# Records
◇ ◇ ◇
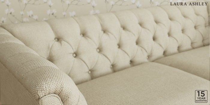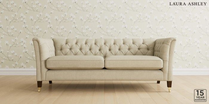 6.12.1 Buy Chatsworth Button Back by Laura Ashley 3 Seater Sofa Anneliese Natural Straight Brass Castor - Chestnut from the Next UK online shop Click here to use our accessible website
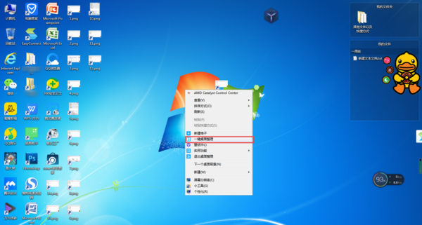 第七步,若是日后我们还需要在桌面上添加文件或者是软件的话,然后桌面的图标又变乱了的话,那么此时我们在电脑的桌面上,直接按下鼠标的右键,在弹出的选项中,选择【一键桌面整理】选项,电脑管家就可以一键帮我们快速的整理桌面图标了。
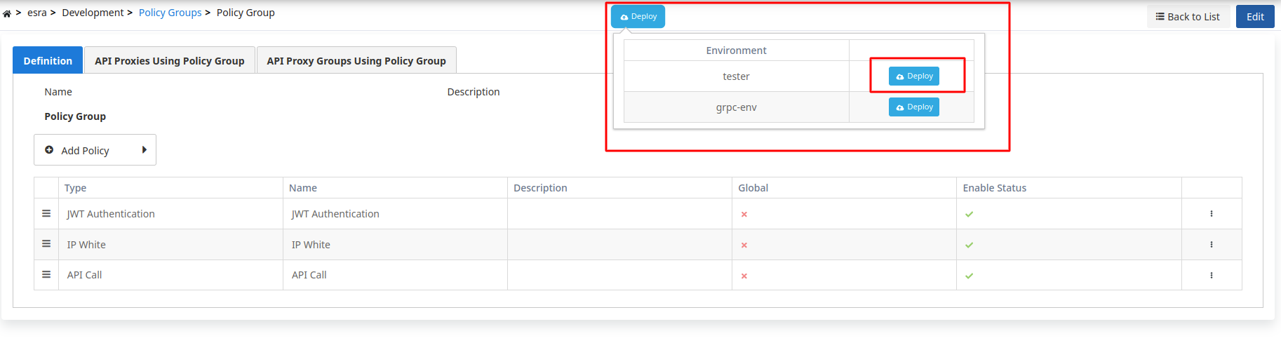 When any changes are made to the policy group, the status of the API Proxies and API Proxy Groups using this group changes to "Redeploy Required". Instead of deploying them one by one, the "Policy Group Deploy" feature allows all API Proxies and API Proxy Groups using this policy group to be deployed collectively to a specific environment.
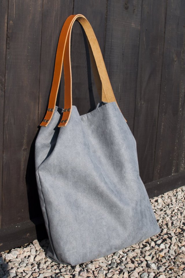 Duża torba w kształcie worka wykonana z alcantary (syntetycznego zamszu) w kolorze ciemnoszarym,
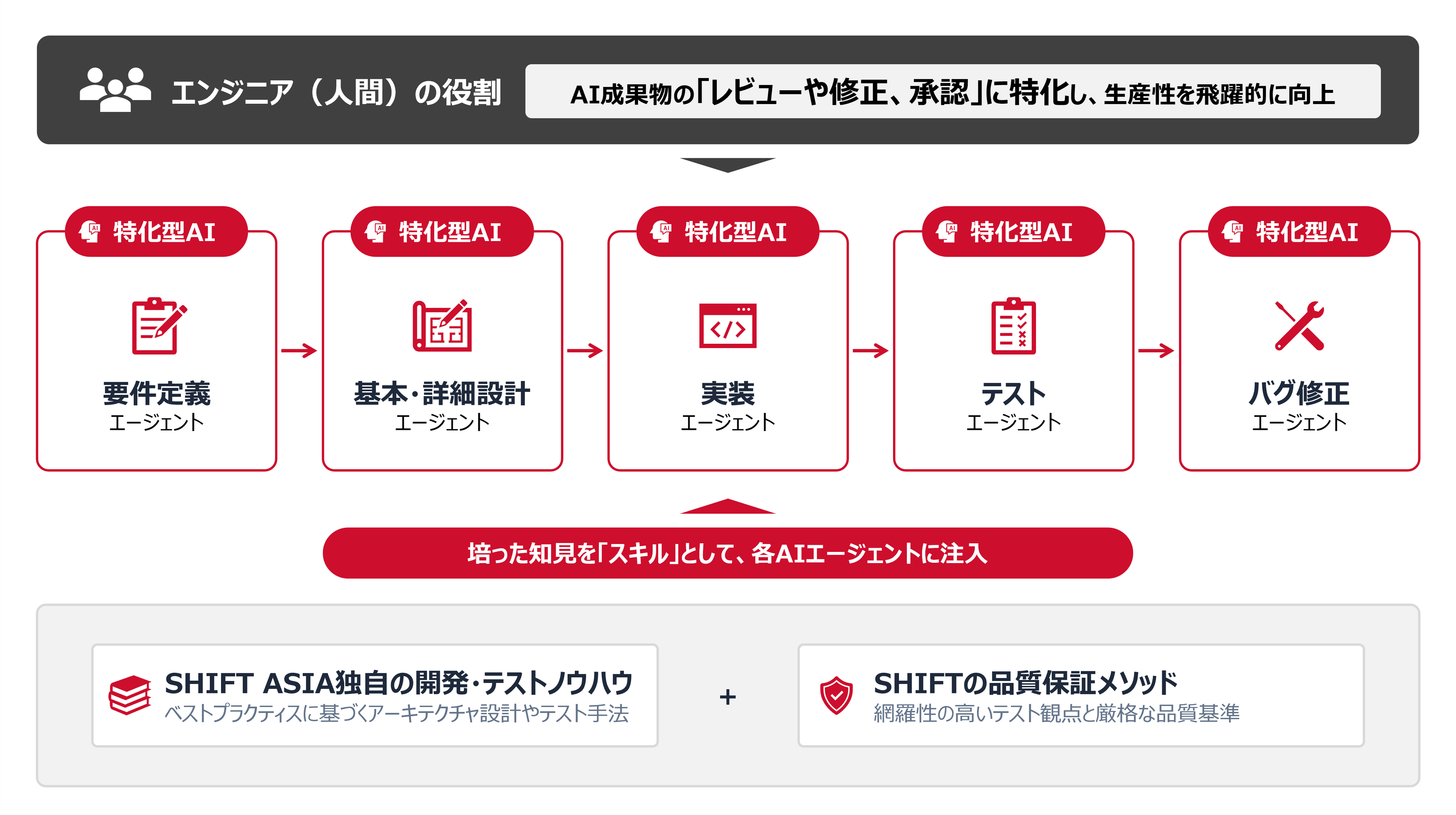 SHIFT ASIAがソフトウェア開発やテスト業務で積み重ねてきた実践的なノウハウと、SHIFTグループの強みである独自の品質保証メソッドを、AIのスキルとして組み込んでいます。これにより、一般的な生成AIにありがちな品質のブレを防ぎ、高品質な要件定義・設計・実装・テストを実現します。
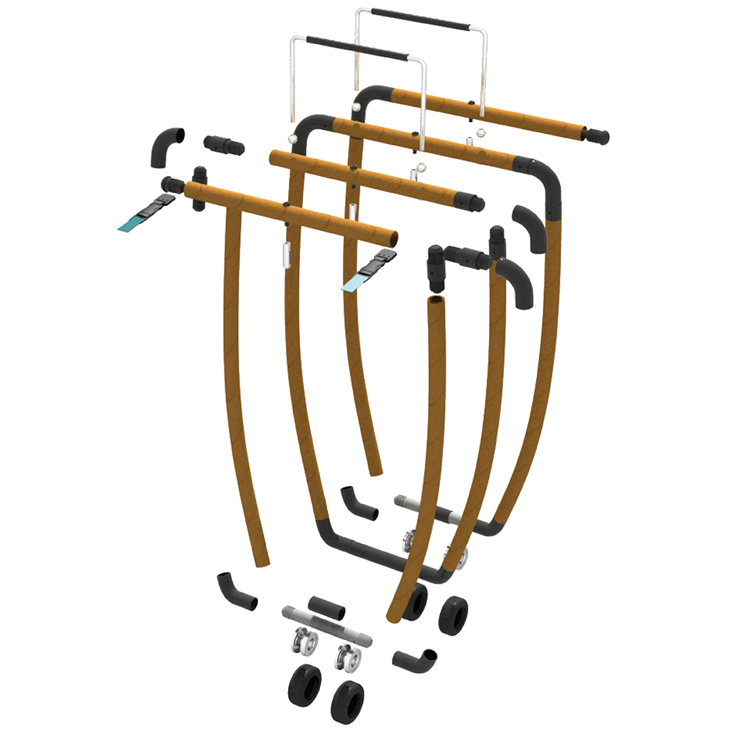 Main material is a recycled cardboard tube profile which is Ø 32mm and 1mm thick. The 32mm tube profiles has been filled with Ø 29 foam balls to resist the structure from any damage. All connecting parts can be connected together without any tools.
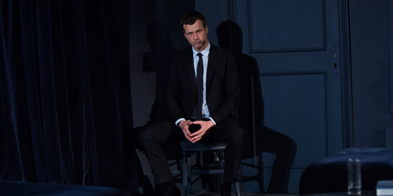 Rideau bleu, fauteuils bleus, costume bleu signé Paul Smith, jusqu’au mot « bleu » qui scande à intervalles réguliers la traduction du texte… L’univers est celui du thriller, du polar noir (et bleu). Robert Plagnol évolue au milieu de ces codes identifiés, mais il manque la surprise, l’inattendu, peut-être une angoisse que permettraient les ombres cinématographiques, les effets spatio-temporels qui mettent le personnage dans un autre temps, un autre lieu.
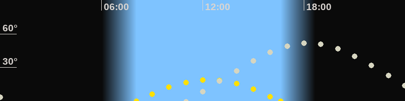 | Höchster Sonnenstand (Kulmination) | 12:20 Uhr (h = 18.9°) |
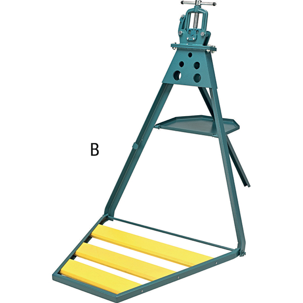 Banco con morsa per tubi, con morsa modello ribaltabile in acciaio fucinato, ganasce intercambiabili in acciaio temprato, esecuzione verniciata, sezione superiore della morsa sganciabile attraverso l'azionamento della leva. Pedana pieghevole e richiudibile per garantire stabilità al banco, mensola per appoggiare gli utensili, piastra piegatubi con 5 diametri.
◇ ◇ ◇
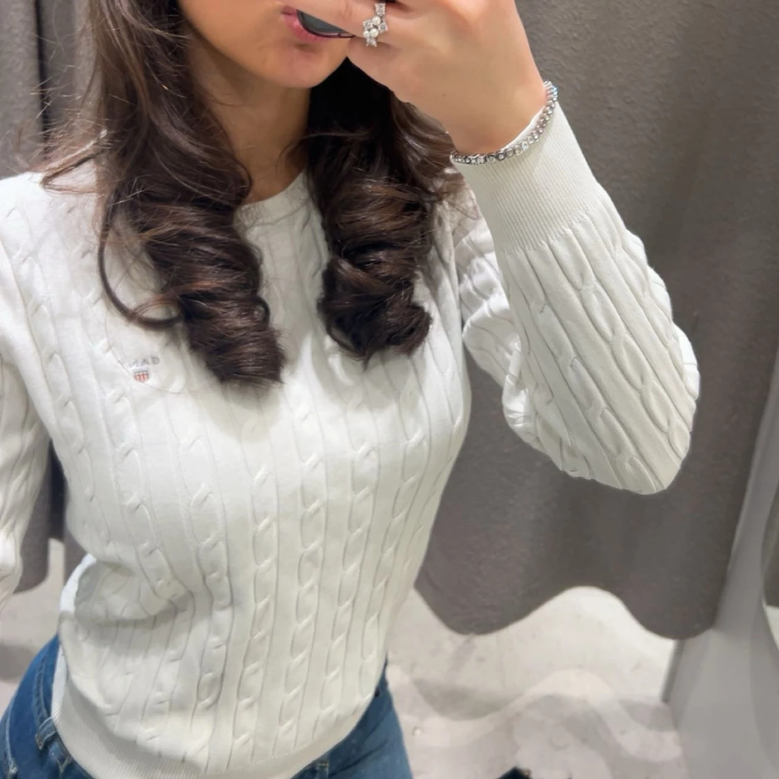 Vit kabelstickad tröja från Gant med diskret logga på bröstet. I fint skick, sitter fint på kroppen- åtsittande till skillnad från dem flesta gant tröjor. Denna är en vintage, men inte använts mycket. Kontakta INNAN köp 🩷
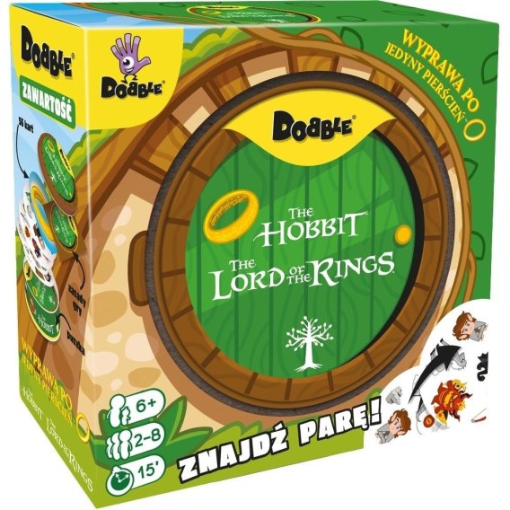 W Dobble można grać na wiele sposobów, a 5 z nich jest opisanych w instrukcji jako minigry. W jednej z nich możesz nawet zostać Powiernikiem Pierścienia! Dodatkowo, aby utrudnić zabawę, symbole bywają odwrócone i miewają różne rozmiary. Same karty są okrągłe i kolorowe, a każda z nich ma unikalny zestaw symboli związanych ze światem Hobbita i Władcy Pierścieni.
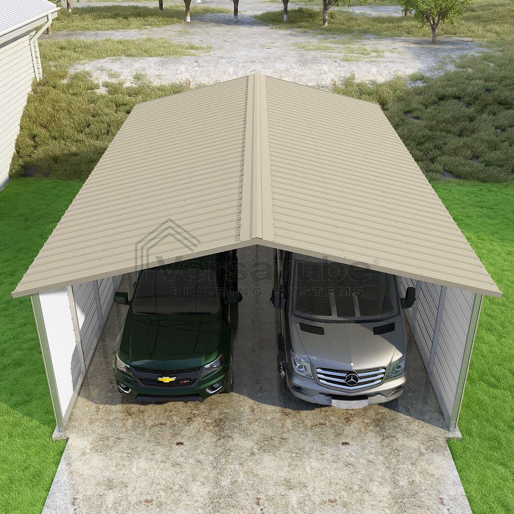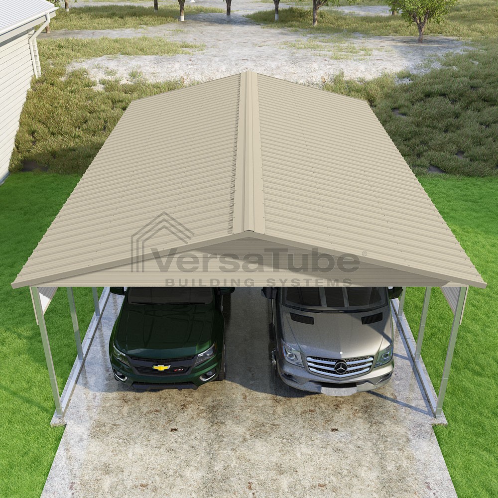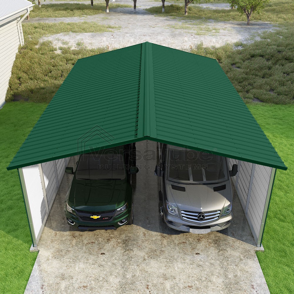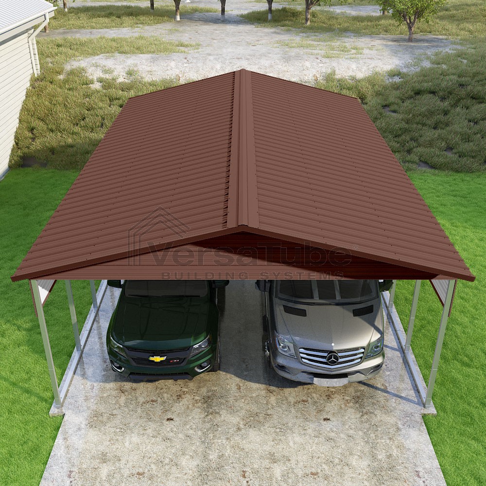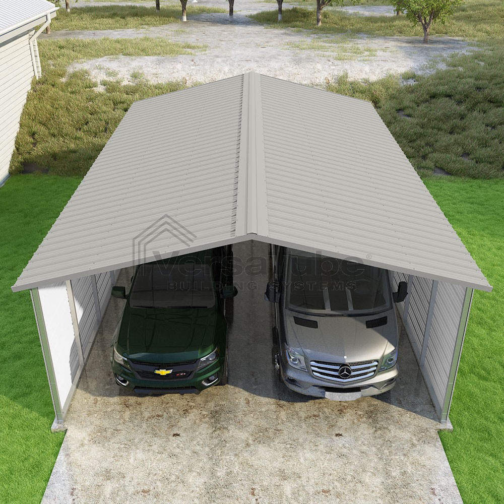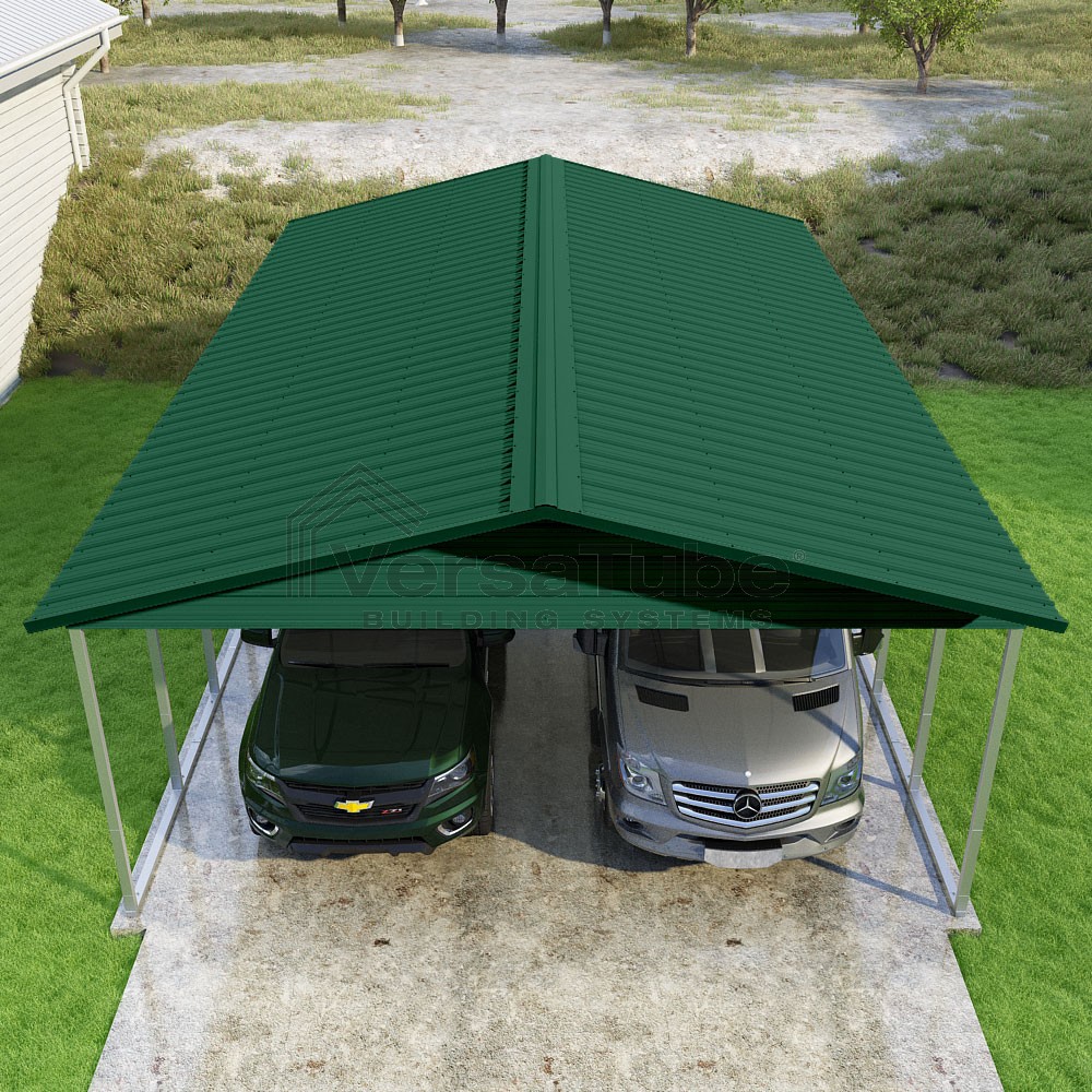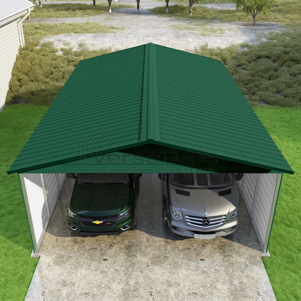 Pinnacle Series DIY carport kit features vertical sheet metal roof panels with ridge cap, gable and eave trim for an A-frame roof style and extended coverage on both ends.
◇ ◇ ◇
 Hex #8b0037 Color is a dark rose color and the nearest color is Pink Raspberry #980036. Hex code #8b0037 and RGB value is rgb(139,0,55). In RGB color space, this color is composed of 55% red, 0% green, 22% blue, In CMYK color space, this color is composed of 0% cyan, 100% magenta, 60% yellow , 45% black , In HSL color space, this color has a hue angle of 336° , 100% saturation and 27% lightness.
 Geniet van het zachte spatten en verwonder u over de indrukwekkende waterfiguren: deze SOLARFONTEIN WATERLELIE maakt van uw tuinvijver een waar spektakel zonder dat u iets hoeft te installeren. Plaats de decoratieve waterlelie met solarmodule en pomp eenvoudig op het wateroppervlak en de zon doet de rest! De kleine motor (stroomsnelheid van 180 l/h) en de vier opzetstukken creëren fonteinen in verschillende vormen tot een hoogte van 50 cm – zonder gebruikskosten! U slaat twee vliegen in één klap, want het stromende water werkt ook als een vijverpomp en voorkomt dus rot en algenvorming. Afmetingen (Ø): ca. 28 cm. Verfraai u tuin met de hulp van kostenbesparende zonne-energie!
◇ ◇ ◇
# Exercise details
Exactly the lines above from the one that contains "When any changes" down to the one that contains "Banco con morsa" are to be output, both ends kept and pictures omitted.

# Answer to this exercise
 When any changes are made to the policy group, the status of the API Proxies and API Proxy Groups using this group changes to "Redeploy Required". Instead of deploying them one by one, the "Policy Group Deploy" feature allows all API Proxies and API Proxy Groups using this policy group to be deployed collectively to a specific environment.
 Duża torba w kształcie worka wykonana z alcantary (syntetycznego zamszu) w kolorze ciemnoszarym,
 SHIFT ASIAがソフトウェア開発やテスト業務で積み重ねてきた実践的なノウハウと、SHIFTグループの強みである独自の品質保証メソッドを、AIのスキルとして組み込んでいます。これにより、一般的な生成AIにありがちな品質のブレを防ぎ、高品質な要件定義・設計・実装・テストを実現します。
 Main material is a recycled cardboard tube profile which is Ø 32mm and 1mm thick. The 32mm tube profiles has been filled with Ø 29 foam balls to resist the structure from any damage. All connecting parts can be connected together without any tools.
 Rideau bleu, fauteuils bleus, costume bleu signé Paul Smith, jusqu’au mot « bleu » qui scande à intervalles réguliers la traduction du texte… L’univers est celui du thriller, du polar noir (et bleu). Robert Plagnol évolue au milieu de ces codes identifiés, mais il manque la surprise, l’inattendu, peut-être une angoisse que permettraient les ombres cinématographiques, les effets spatio-temporels qui mettent le personnage dans un autre temps, un autre lieu.
 | Höchster Sonnenstand (Kulmination) | 12:20 Uhr (h = 18.9°) |
 Banco con morsa per tubi, con morsa modello ribaltabile in acciaio fucinato, ganasce intercambiabili in acciaio temprato, esecuzione verniciata, sezione superiore della morsa sganciabile attraverso l'azionamento della leva. Pedana pieghevole e richiudibile per garantire stabilità al banco, mensola per appoggiare gli utensili, piastra piegatubi con 5 diametri.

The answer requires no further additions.